Thursday, April 3, 2008

Two Different Vestibular Preparatory Courses

Wednesday evening I had the chance to visit one of Educafro’s free vestibular courses. A volunteer university student taught the course to fourteen students, eleven Afro-Brazilian students and three white students. Many of the students in the course were in their thirties and forties. I had the chance to chat with the students and I discovered that many of the students had attended public schools, where, the students told me, teachers often ended class early or refused to teach them the assigned curriculum. I also learned that almost all of the students had jobs, working during the day and attending vestibular class at night. At the end of the class, I asked the students if they would want to take out a low-interest loan to support themselves while they took this vestibular preparatory course. The loan, I explained, would allow them to quit their jobs and study for the vestibular around the clock. All of the students said they would take the loan. One student explained to me that she would take the loan because she was chasing a dream, and wanted to attain the highest score she possibly could.

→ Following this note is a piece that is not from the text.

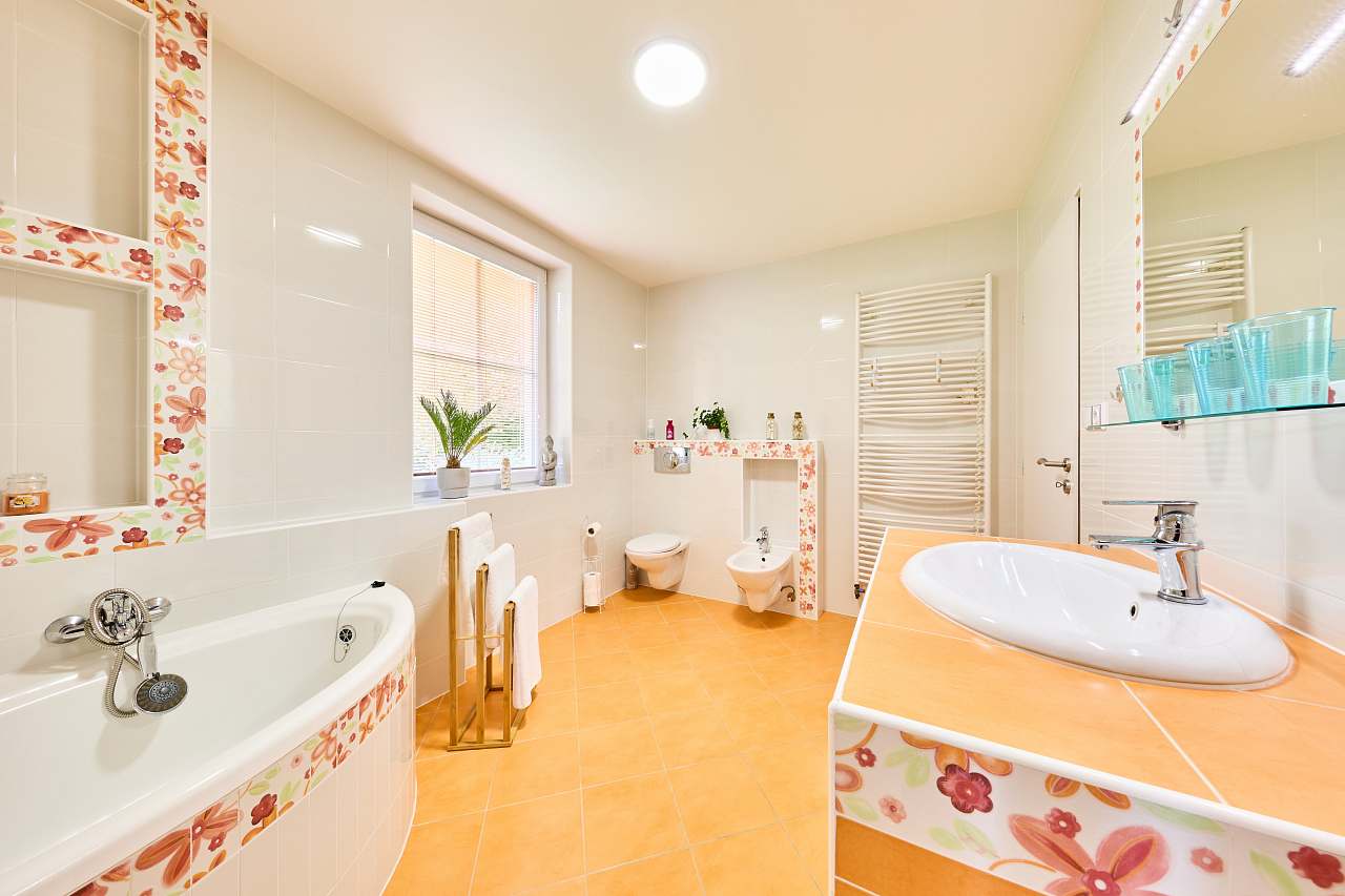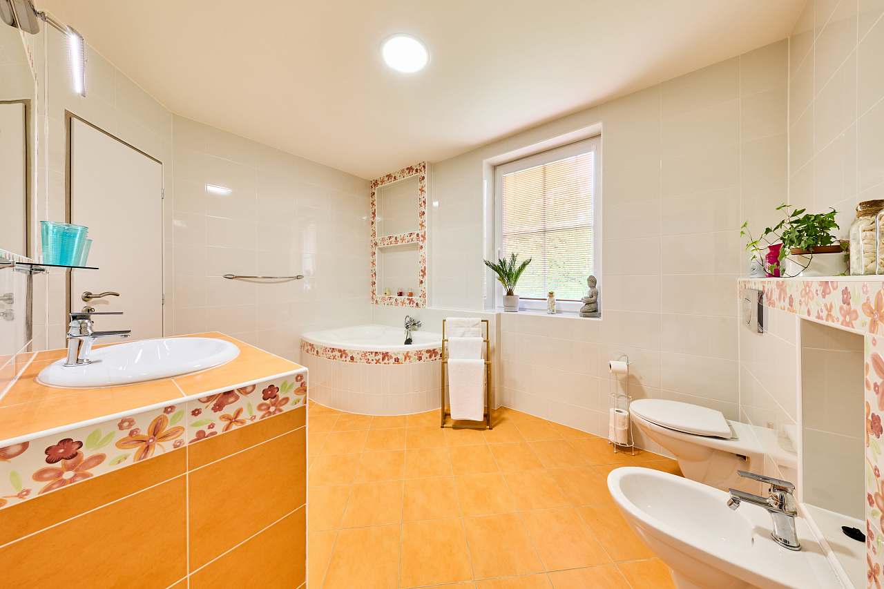 Op de begane grond in de hal bevindt zich een separaat toilet en een ruime badkamer met toilet, bidet en ligbad.

I wanted to see how others prepared for the exam, so Thursday morning I went to a vestibular course run by a private company. The sales representative explained that all the students had graduated from high school the year before, and that almost all the students came from private schools. The teachers were paid high salaries to teach the courses, often making more than many public university professors. The students took the class full-time for nine months. In the mornings, the students took classes on different subjects, and after a lunch break, met one-on-one with private tutors. In the evenings, the students did homework to present in the next class. The sales representative told us that the students’ parents paid their tuition for the course and supported the students as they took the course. The cost of the course was around $13,000. The median per capita income in Brazil is $7400. The company does not offer fellowships, so the course is priced out of the range of everyone except very wealthy students.

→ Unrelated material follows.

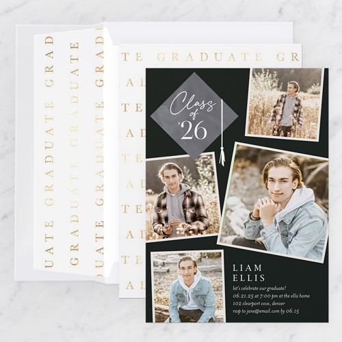 Invite guests to your celebration with a personalized graduation invitation. Customize with event details and choose foil options for an elegant touch. Add 1-4 photos on the front and up to 16 photos on the back for a truly memorable keepsake. Perfect for celebrating your big achievement in style!

My visits to the vestibular courses confirm my belief that the vestibular exams exacerbate the income and race discrimination Afro-Brazilian and poor students face. Although many argue that the vestibular is a meritocratic exam, the exam cannot measure merit accurately when one group has so much more access to preparation resources than others. The mostly white private school students are doubly advantaged: they have the money to attend private high schools which offer a more rigorous curriculum than public high schools and are able to afford an intensive full time preparatory class to prepare for the vestibular. The Afro-Brazilian public school students, on the other hand are doubly disadvantaged: they were forced to attend public high schools with few resources, and are forced to restrict their vestibular preparation to a few hours a night. Given the vast difference in access to preparation materials, it is no mystery why white students tend to attain higher scores on the vestibular than Afro-Brazilian students.